Published online by Cambridge University Press: 24 August 2009
Spartina alterniflora salt-marsh has been established from seed and transplants on dredged materials and sandy shorelines along the North Carolina coast. Transplants were more successful than seeding over a greater portion of the intertidal range and under more rigorous environmental conditions, but seeding was successful in the upper half of protected sites. Seeding at the rate of 100 viable seeds per square metre from April through May can result in complete vegetational coverage by the end of the first growing-season. At the end of the second growing-season, above-ground biomass accumulation from seeding approached that produced by transplants which had originally been planted on a 0.9-metre centre. Both above-ground and below-ground production of planted marsh compared well with values for these components in natural marshes.

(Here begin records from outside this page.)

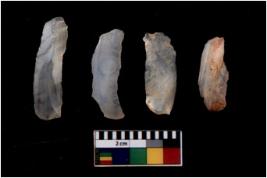 | Description / विवरण | There are n 4 Flake tool; There are multidirectional irregular scar pattern on them. few have blunt edges, Some of them are tapering at one end. |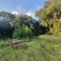 Travnatá příjezdová cesta okrajem sadu na vysekanou část louky pro místo kempování. Vstupní bránu do sadu, je třeba důsledně zavírat, kvůli slepičkám. Za branou se dejte vlevo po chvíli se cesta stočí vpravo a teď již rovně až na volnou plochu louky kde je místo pro kempováni.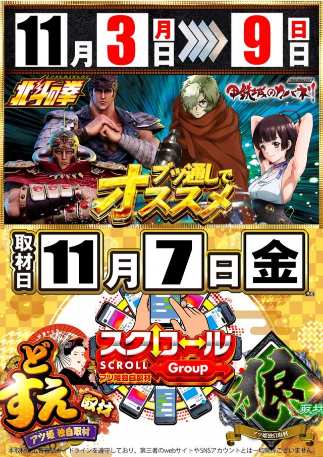本日11月9日(日)週末も六合店で楽しみましょう(^^)♪
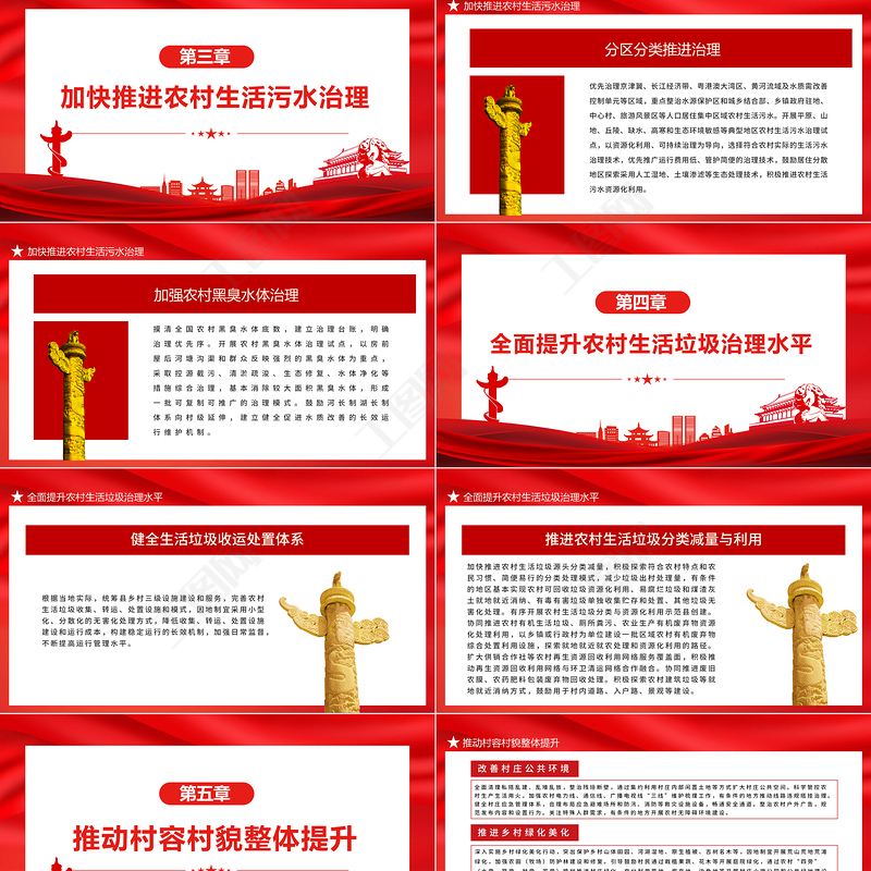 <p>中共中央辦公廳 國務(wù)院辦公廳印發(fā)《農(nóng)村人居環(huán)境整治提升五年行動方案(2021-2025年)》宣講人:某某某 時間:20XX.XX</p><br><p>改善農(nóng)村人居環(huán)境,是以習(xí)近平同志為核心的黨中央從戰(zhàn)略和全局高度作出的重大決策部署,是實施鄉(xiāng)村振興戰(zhàn)略的重點任務(wù),事關(guān)廣大農(nóng)民根本福祉,事關(guān)農(nóng)民群眾健康,事關(guān)美麗中國建設(shè)。2018年農(nóng)村人居環(huán)境整治三年行動實施以來,各地區(qū)各部門認(rèn)真貫徹黨中央、國務(wù)院決策部署,全面扎實推進農(nóng)村人居環(huán)境整治,扭轉(zhuǎn)了農(nóng)村長期以來存在的臟亂差局面,村莊環(huán)境基本實現(xiàn)干凈整潔有序,農(nóng)民群眾環(huán)境衛(wèi)生觀念發(fā)生可喜變化、生活質(zhì)量普遍提高,為全面建成小康社會提供了有力支撐。但是,我國農(nóng)村人居環(huán)境總體質(zhì)量水平不高,還存在區(qū)域發(fā)展不平衡、基本生活設(shè)施不完善、管護機制不健全等問題,與農(nóng)業(yè)農(nóng)村現(xiàn)代化要求和農(nóng)民群眾對美好生活的向往還有差距。為加快農(nóng)村人居環(huán)境整治提升,制定本方案。</p><br><p>目錄CONTENT</p><br><p>目錄CONTENT</p><br><p>總 體 要 求</p><br><p> 以習(xí)近平新時代中國特色社會主義思想為指導(dǎo),深入貫徹黨的十九大和十九屆二中、三中、四中、五中、六中全會精神,堅持以人民為中心的發(fā)展思想,踐行綠水青山就是金山銀山的理念,深入學(xué)習(xí)推廣浙江“千村示范、萬村整治”工程經(jīng)驗,以農(nóng)村廁所革命、生活污水垃圾治理、村容村貌提升為重點,鞏固拓展農(nóng)村人居環(huán)境整治三年行動成果,全面提升農(nóng)村人居環(huán)境質(zhì)量,為全面推進鄉(xiāng)村振興、加快農(nóng)業(yè)農(nóng)村現(xiàn)代化、建設(shè)美麗中國提供有力支撐??傮w要求</p><br><p>同區(qū)域氣候條件和地形地貌相匹配,同地方經(jīng)濟社會發(fā)展能力和水平相適應(yīng),同當(dāng)?shù)匚幕惋L(fēng)土人情相協(xié)調(diào),實事求是、自下而上、分類確定治理標(biāo)準(zhǔn)和目標(biāo)任務(wù),堅持?jǐn)?shù)量服從質(zhì)量、進度服從實效,求好不求快,既盡力而為,又量力而行。總體要求堅持因地制宜,突出分類施策堅持規(guī)劃先行,突出統(tǒng)籌推進樹立系統(tǒng)觀念,先規(guī)劃后建設(shè),以縣域為單位統(tǒng)籌推進農(nóng)村人居環(huán)境整治提升各項重點任務(wù),重點突破和綜合整治、示范帶動和整體推進相結(jié)合,合理安排建設(shè)時序,實現(xiàn)農(nóng)村人居環(huán)境整治提升與公共基礎(chǔ)設(shè)施改善、鄉(xiāng)村產(chǎn)業(yè)發(fā)展、鄉(xiāng)風(fēng)文明進步等互促互進。</p><br><p>充分體現(xiàn)鄉(xiāng)村建設(shè)為農(nóng)民而建,尊重村民意愿,激發(fā)內(nèi)生動力,保障村民知情權(quán)、參與權(quán)、表達(dá)權(quán)、監(jiān)督權(quán)。堅持地方為主,強化地方黨委和政府責(zé)任,鼓勵社會力量積極參與,構(gòu)建政府、市場主體、村集體、村民等多方共建共管格局??傮w要求堅持問需于民,突出農(nóng)民主體堅持持續(xù)推進,突出健全機制注重與農(nóng)村人居環(huán)境整治三年行動相銜接,持續(xù)發(fā)力、久久為功,積小勝為大成。建管用并重,著力構(gòu)建系統(tǒng)化、規(guī)范化、長效化的政策制度和工作推進機制。堅持立足農(nóng)村,突出鄉(xiāng)土特色遵循鄉(xiāng)村發(fā)展規(guī)律,體現(xiàn)鄉(xiāng)村特點,注重鄉(xiāng)土味道,保留鄉(xiāng)村風(fēng)貌,留住田園鄉(xiāng)愁。堅持農(nóng)業(yè)農(nóng)村聯(lián)動、生產(chǎn)生活生態(tài)融合,推進農(nóng)村生活污水垃圾減量化、資源化、循環(huán)利用。</p><br><p>到2025年,農(nóng)村人居環(huán)境顯著改善,生態(tài)宜居美麗鄉(xiāng)村建設(shè)取得新進步。農(nóng)村衛(wèi)生廁所普及率穩(wěn)步提高,廁所糞污基本得到有效處理;農(nóng)村生活污水治理率不斷提升,亂倒亂排得到管控;農(nóng)村生活垃圾無害化處理水平明顯提升,有條件的村莊實現(xiàn)生活垃圾分類、源頭減量;農(nóng)村人居環(huán)境治理水平顯著提升,長效管護機制基本建立。總體要求東部地區(qū)、中西部城市近郊區(qū)等有基礎(chǔ)、有條件的地區(qū),全面提升農(nóng)村人居環(huán)境基礎(chǔ)設(shè)施建設(shè)水平,農(nóng)村衛(wèi)生廁所基本普及,農(nóng)村生活污水治理率明顯提升,農(nóng)村生活垃圾基本實現(xiàn)無害化處理并推動分類處理試點示范,長效管護機制全面建立。中西部有較好基礎(chǔ)、基本具備條件的地區(qū),農(nóng)村人居環(huán)境基礎(chǔ)設(shè)施持續(xù)完善,農(nóng)村戶用廁所愿改盡改,農(nóng)村生活污水治理率有效提升,農(nóng)村生活垃圾收運處置體系基本實現(xiàn)全覆蓋,長效管護機制基本建立。地處偏遠(yuǎn)、經(jīng)濟欠發(fā)達(dá)的地區(qū),農(nóng)村人居環(huán)境基礎(chǔ)設(shè)施明顯改善,農(nóng)村衛(wèi)生廁所普及率逐步提高,農(nóng)村生活污水垃圾治理水平有新提升,村容村貌持續(xù)改善。</p><br><p>扎實推進農(nóng)村廁所革命</p><br><p>科學(xué)選擇改廁技術(shù)模式,宜水則水、宜旱則旱。技術(shù)模式應(yīng)至少經(jīng)過一個

There were no differences in production by epiphytes between planted and natural S. alterniflora marsh at two different locations. Faunal production in the upper 13 cm of sediment was significantly less in planted than in natural marsh, and where marsh plants accumulated sediments, faunal numbers and biomass were less in planted than in unplanted areas. Sediment carbon content indicated that 4 to 25 years might be required for a newly-planted marsh to resemble a natural marsh.
Based on our studies, the techniques developed to plant S. alterniflora on dredged material and along sandy shorelines can be employed to initiate new and functional salt-marsh where none existed previously. The length of time required for man-initiated marsh to resemble natural marsh depends upon how closely the new substrate resembles natural marsh in the type of sediment accumulated, in the elevation of the new substrate, in the natural sedimentation rate in the area, and in the relative maturity of the natural marsh system.